Ethereum ERC20 Tokens Explained

Over the past 6 months, Initial Coin Offerings (ICOs) on the Ethereum blockchain have exploded, with $800 million raised in 2017 so far. This follows the dramatic rise in the value of Ether from $10 last July to a high of $395 last June (it has since fallen to approximately $220).

It’s impossible to say precisely what has driven up the value of Ether, but likely it is a combination of the Ethereum Enterprise Alliance adding big name members from diverse industries, such as Microsoft, MasterCard, J.P. Morgan, and the Indian government, as well as excitement from ICOs.

One critical innovation in the creation of Ethereum-based tokens is the ERC20 protocol standard.

Similar to how the HTTP protocol defined the internet, ERC20 is a protocol that defines a set of commands that a token should implement. ERC20 is not a technology, software, or piece of code. It is a technical specification. If a token implements the spec, it is an ERC20 token.

The ERC20 protocol standard contains basic functions that any useful token should implement to enable trading. These include transferring tokens, inquiring the balance of tokens at a certain address, and the total supply of tokens.

Before ERC20, every ICO token (implemented as an Ethereum “smart contract”) re-invented the wheel by implementing their own versions of these basic functions. They would have their own function for transferring tokens, with its own unique name and perhaps different arguments. If a developer wanted to enable trading between Token A and Token B, he or she would need to study the intricacies of each contract to allow the trade. If there were tokens A through Z, and each token implemented transferring tokens differently, then to implement a basic token exchange that could handle every token contract would require an exponential amount of complexity.

ERC20 compliant tokens all have the same functions, with the same names, that take the same arguments. You can create a token exchange system that allows you to quickly add new tokens to your platform the moment they are released, as long as they follow the ERC20 standard. No matter how many different tokens there are, the same system can support trading between Token A and B, A and C, A and Z, Z and M, etc.
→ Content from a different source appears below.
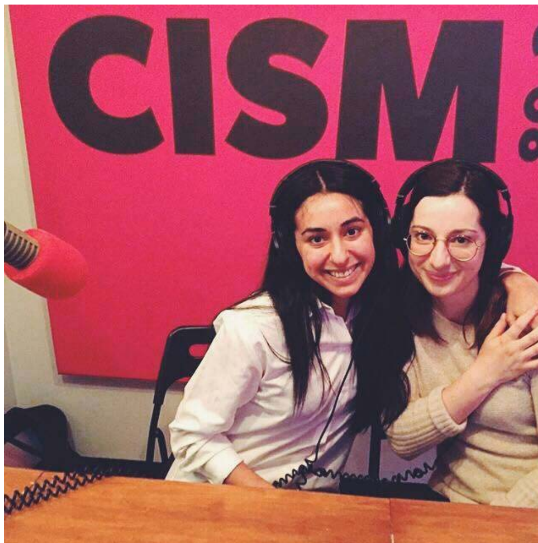
VACANT À VIBRANT, PROJET FÉMININ DE LA SEMAINE À CISM, MAI 2017
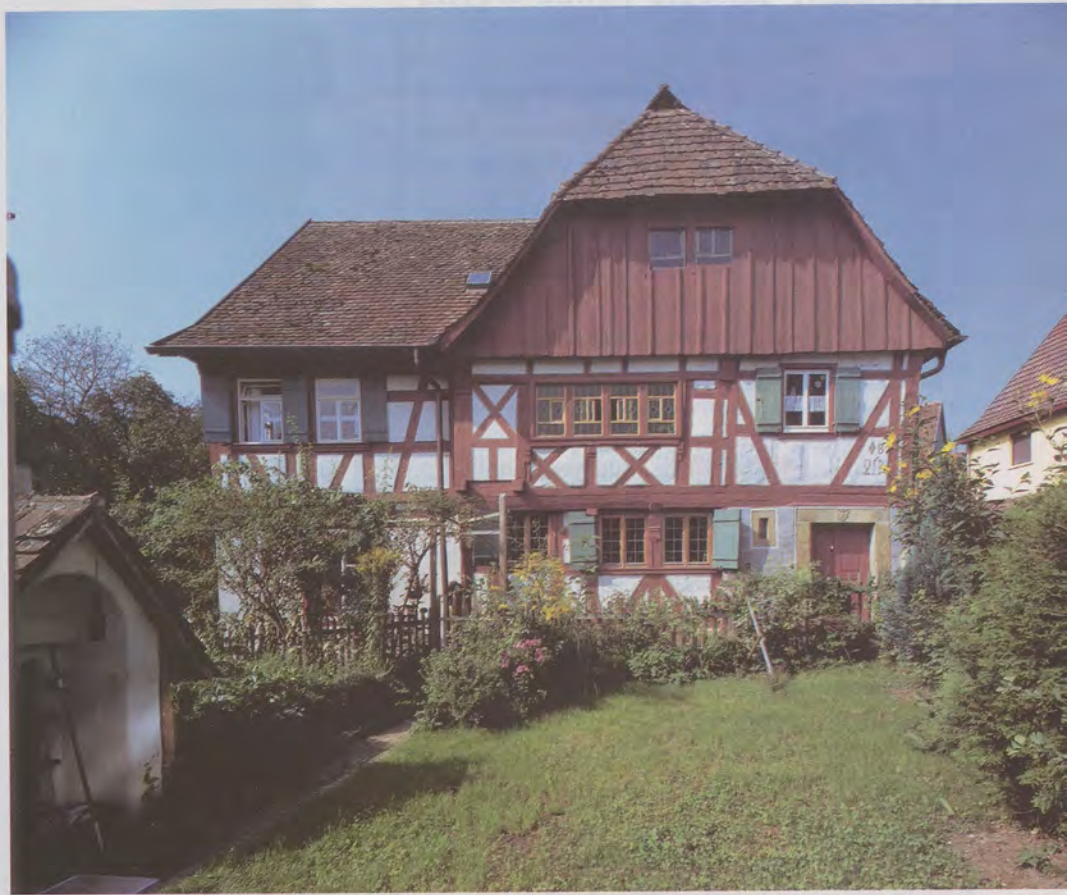
Ehemaliges Dorfwirtshaus in Rosengarten-Tullau, Kirchgasse 10

Die Ansicht des ehemaligen Dorfwirtshauses von Tullau dokumentiert die verschiedenen Bauphasen des Gebäudes mit dem ältesten Teil im Erdgeschoss. Der Eingang in das Wirtshaus und in die Schankkräume bis hin zu den Fenstern im seitlichen Anbau zeigen die Umbauphasen des 19. und 20. Jahrhunderts.

The end result is less risk, more uniformity, reduced complexity, and enhanced liquidity of tokens. A successful ICO can have their ERC20 tokens trading on exchanges without any communication between themselves and the exchange developers. ERC20 has encouraged a positive feedback loop, as token purchasers can be more certain that they can trade new ICO tokens, leading them to purchase more ICO tokens, causing more ICO’s to be created, and ultimately more innovation and value in the Ethereum blockchain.